_WORK REQUEST_. Print exactly and only the lines that run from the one containing "遗漏:自上次开出到当前期所间" through the end of the material, please, omitting pictures.

_THE DATA_.
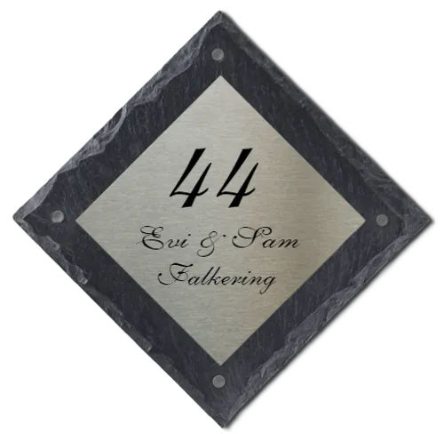 Voordeur bord leisteen met RVS naambord - 17 x 17 cm
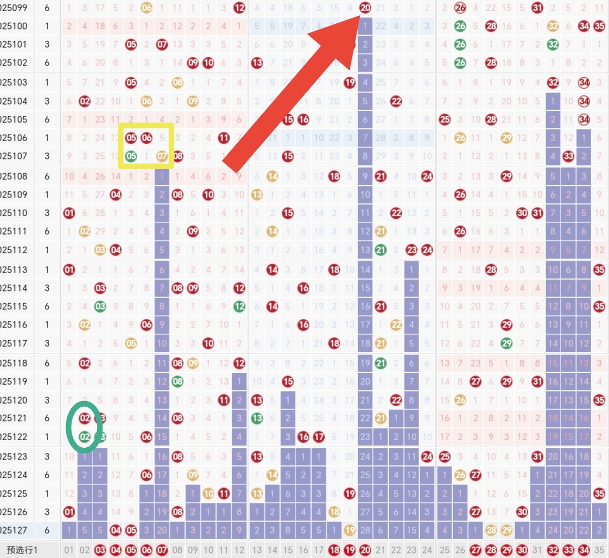 遗漏:自上次开出到当前期所间隔的期数。(例如:前区20号上次开出时间2025年第99期,当前开出2025年第127期,127-99=遗漏28。)
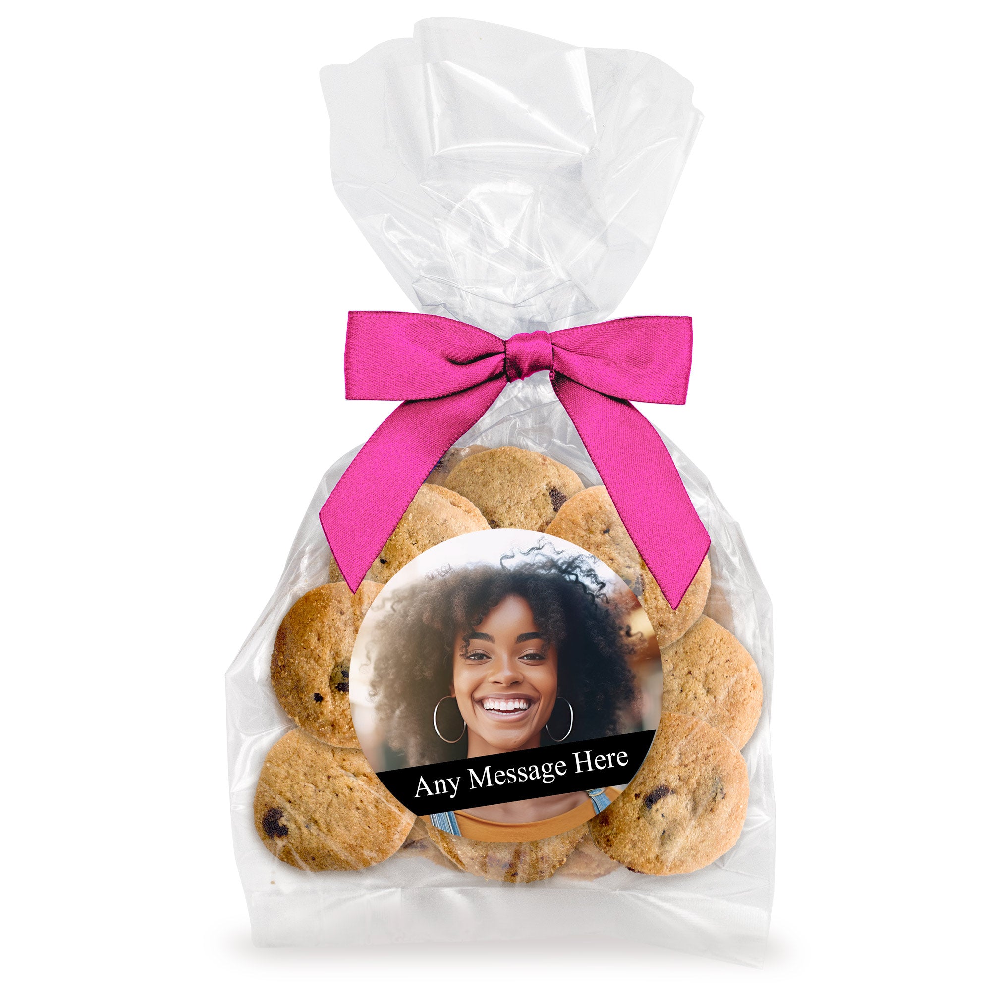 Bite-Sized Chocolate Chip Cookies (3 oz., approx. 24 cookies) W/ Full Color Custom Sticker & Bow Choice - Photo Upload & Message Strip
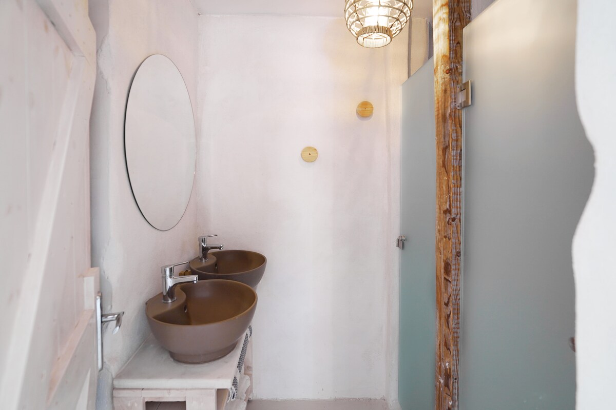 Umgeben von Olivenbäumen und mit einem atemberaubenden Panoramablick wird dich dieses solarbetriebene Haus immer wieder überraschen! Küche und Wohnzimmer sind nicht durch eine Wand getrennt und dies schafft eine offene und komfortable Umgebung. Wir bauen unser Essen auf biologische Weise an und wir haben 8 Hühner und 2 Ziegen, die uns jeden Tag mit frischer Milch und Eiern versorgen. Verschwende also nicht deine Zeit in überfüllten Resorts und langweiligen Wohnungen. Komm zu uns nach Hause, lerne unsere charmanten Ziegen kennen und erlebe etwas Neues!

_SOLUTION BELOW_.
 遗漏:自上次开出到当前期所间隔的期数。(例如:前区20号上次开出时间2025年第99期,当前开出2025年第127期,127-99=遗漏28。)
 Bite-Sized Chocolate Chip Cookies (3 oz., approx. 24 cookies) W/ Full Color Custom Sticker & Bow Choice - Photo Upload & Message Strip
 Umgeben von Olivenbäumen und mit einem atemberaubenden Panoramablick wird dich dieses solarbetriebene Haus immer wieder überraschen! Küche und Wohnzimmer sind nicht durch eine Wand getrennt und dies schafft eine offene und komfortable Umgebung. Wir bauen unser Essen auf biologische Weise an und wir haben 8 Hühner und 2 Ziegen, die uns jeden Tag mit frischer Milch und Eiern versorgen. Verschwende also nicht deine Zeit in überfüllten Resorts und langweiligen Wohnungen. Komm zu uns nach Hause, lerne unsere charmanten Ziegen kennen und erlebe etwas Neues!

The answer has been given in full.